Multi-omics integrative approach of senescent endothelial cells and derived extracellular vesicles in a replicative senescence model [miRNA-seq]

Aging is a major unmodifiable risk factor for cardiovascular disease (CVD). Replicative endothelial senescence (RES), characterized by permanent cell-cycle arrest and a senescence-associated secretory phenotype (SASP), is a hallmark of vascular aging and contributes to endothelial dysfunction. However, RES molecular mechanisms, particularly the role of extracellular vesicles (EVs), remain poorly understood. To elucidate these mechanisms, an integrated multi-omics approach (proteomics, transcriptomics, and miRNA profiling) was used to characterize senescent endothelial cells (ECs) and their secreted EVs compared with early-passage counterparts. Senescent ECs and EVs displayed canonical senescence signatures, exhibiting enrichment of cell cycle, DNA damage response, p53 and NF-?B signaling, and SASP components, which are strongly linked to CVD. Senescent EVs also showed a marked suppression of RNA metabolism, chromatin organization, and repair machinery, while carrying pro-inflammatory, adipogenic, and angiogenic mediators, reinforcing their role as vectors of secondary cellular senescence.
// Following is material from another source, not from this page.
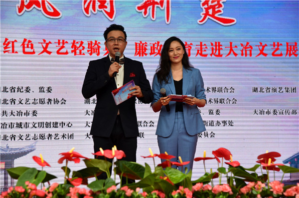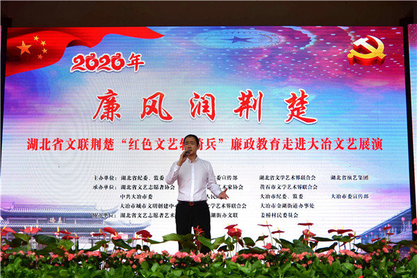 活動由省紀(jì)委監(jiān)委、省委宣傳部、省文聯(lián)、省演藝集團(tuán)主辦,省文藝志愿者協(xié)會、省電視藝術(shù)家協(xié)會、黃石市文聯(lián)、大冶市委市政府、大冶市紀(jì)委監(jiān)委、大冶市委宣傳部、大冶市城市文明創(chuàng)建中心、金湖街道辦事處、大冶市文聯(lián)共同承辦。省文聯(lián)黨組成員、副主席馬尚云,省紀(jì)委監(jiān)委宣傳部副部長吳明新,省紀(jì)委監(jiān)委駐省委宣傳部紀(jì)檢監(jiān)察組辦公室主任劉銳等出席活動。大冶市委常委、宣傳部長左高峰表示,省文聯(lián)荊楚“紅色文藝輕騎兵”廉政教育走進(jìn)大冶文藝展演活動,旨在通過送“紀(jì)”下鄉(xiāng),把廉潔教育貫穿到群眾喜聞樂見的文藝節(jié)目當(dāng)中,在荊楚大地營造出“崇廉尚廉”的良好社會氛圍,通過廉政公益宣傳,引導(dǎo)黨員干部自覺筑牢拒腐防變的思想防線,在全社會形成崇廉、尊廉、尚廉、促廉的良好風(fēng)氣,讓廉潔之花開遍銅都大地。

Multi-omics integration revealed a coordinated regulatory network involving transcription factors (e.g., REST) and miRNAs. Angiogenic regulators miR-22-3p and miR-126-5p also emerged as RES mediators in both ECs and EVs, with miR-22-3p exhibiting compartment-specific regulation. Downregulation of key miRNAs (miR-335-3p, miR-590-3p, miR-29, and miR-17 families) promoted the derepression of downstream targets, driving endothelial phenotypic drift and dysfunction, primarily characterized by impaired PI3K–Akt signaling, maladaptive angiogenesis, and extracellular matrix remodeling. Our study provides a comprehensive map of RES-driven molecular alterations, identifying potential candidate biomarkers and therapeutic targets for age-related CVD. These findings also emphasize the role of EVs in propagating senescence and CVD risk, opening perspectives for EV-based interventions to counteract vascular aging. Overall design: miRNA profiling of senescent and early-passage HUVECs and their respective secreted extracellular vesicles. Cells studied within passages 2–8 (early passage; PD <20) were regarded as early-passage endothelial cells (ECs), whereas those passaged 28–38 times (PD >96) were regarded as senescent ECs.